Uw kind kan fysische, bezigheids- en spraaktherapie nodig hebben. Veel kinderen met deze problemen hebben al vroeg in hun leven grove (grote) en fijne (kleine) motorische handicaps, en slikproblemen.
Het kind moet na ontslag uit het ziekenhuis mogelijk vaak een team van medische deskundigen op het gebied van spina bifida zien.
Vooruitzichten (prognose)
Hoe goed een kind het doet, hangt af van de aanvankelijke toestand van zijn ruggenmerg en zenuwen. Na een meningocele-reparatie doen kinderen het vaak heel goed en hebben ze geen verdere hersen-, zenuw- of spierproblemen.

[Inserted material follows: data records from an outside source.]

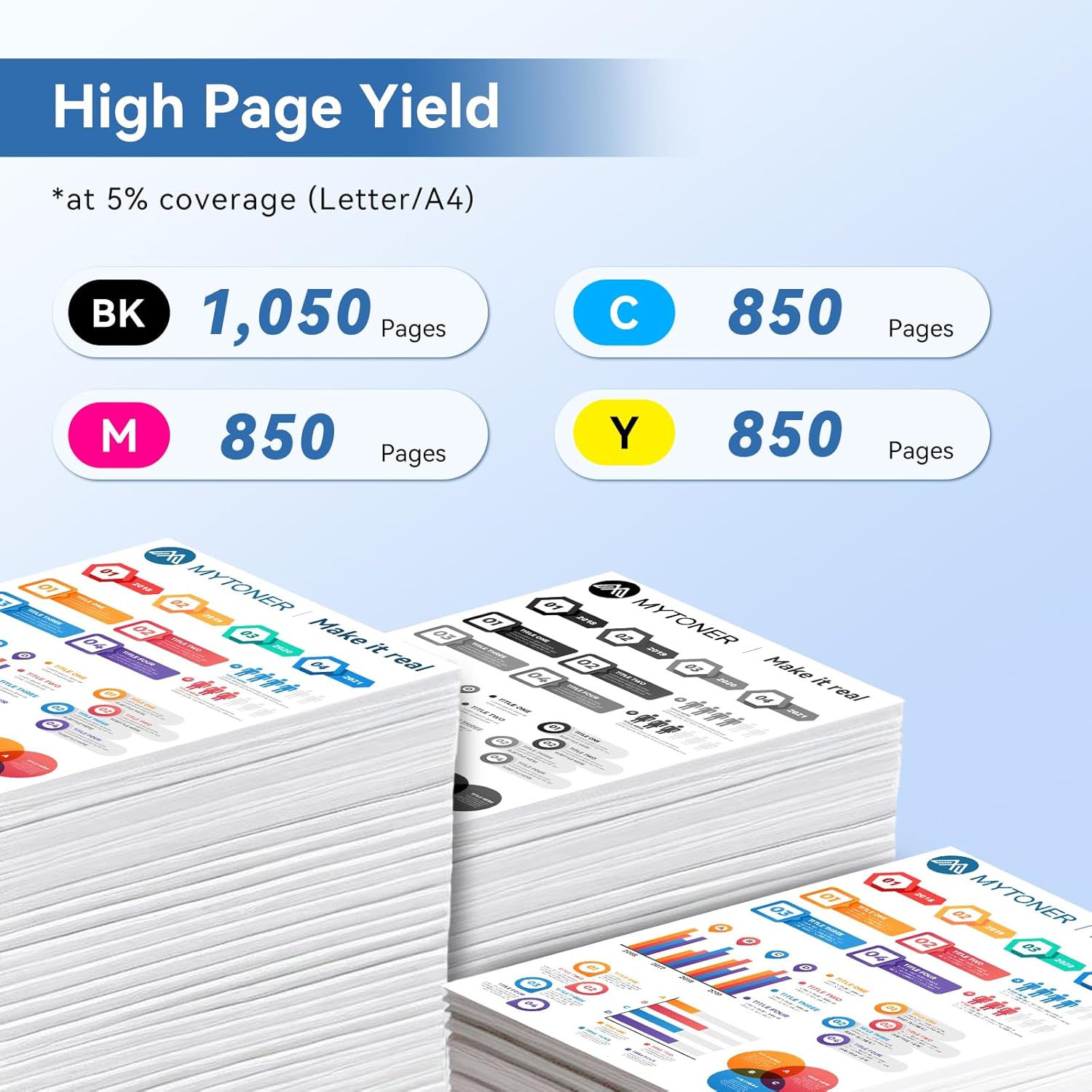• With Chip: 215A Toner Cartridges replacement for HP 215A Toner Cartridges 4 Pack High Yield Set with built-in smart chips are engineered to ensure strong compatibility and accurate recognition. NO need to remove and install the OEM chip manually
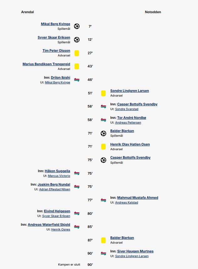 Arendal fortsetter å kjøre kampen, men etter 25-30 minutter mister Arendal initiativet, og Notodden blir invitert inn i kampen. Etter hvert skaper også Notodden noen sjanser, og får uttelling i det 71. og det 75. minutter. Det er tydelig at det er Notodden som er mest fornøyd med resultatet, og Arendal jager seieren mot slutten. Til tross for et par store sjanser for hjemmelaget blir det ikke noen flere scoringer og kampen ender med 2-2 og poengdeling.
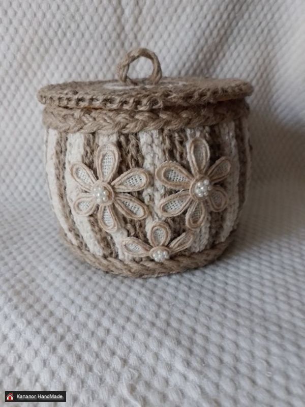 Корзинка-бочонок из джута

Kinderen die worden geboren met myelomeningocele hebben meestal verlamming of zwakte van de spieren onder het niveau van hun wervelkolom waar het defect zit. Het kan ook zijn dat zij hun blaas of darmen niet kunnen controleren. Zij zullen waarschijnlijk gedurende vele jaren medische en opvoedkundige hulp nodig hebben.
Het vermogen om te lopen en de darm- en blaasfunctie te controleren, hangt af van de plaats waar het aangeboren defect zich op de wervelkolom bevond. Defecten lager in het ruggenmerg kunnen een beter resultaat hebben.
Kinsman SL, Johnston MV. Congenitale anomalieën van het centrale zenuwstelsel. In: Kliegman RM, St. Geme JW, Blum NJ, Shah SS, Tasker RC, Wilson KM, eds. Nelson Textbook of Pediatrics. 21st ed. Philadelphia, PA: Elsevier; 2020:chap 609.
Ortega-Barnett J, Mohanty A, Desai SK, Patterson JT. Neurochirurgie. In: Townsend CM Jr, Beauchamp RD, Evers BM, Mattox KL, eds. Sabiston Textbook of Surgery. 20e ed. Philadelphia, PA: Elsevier Saunders; 2017:chap 67.
Robinson S, Cohen AR. Myelomeningocele en verwante neurale buisdefecten. In: Martin RJ, Fanaroff AA, Walsh MC, eds. Fanaroff and Martin’s Neonatale-Perinatale Geneeskunde. 10e ed. Philadelphia, PA: Elsevier Saunders; 2015:chap 65.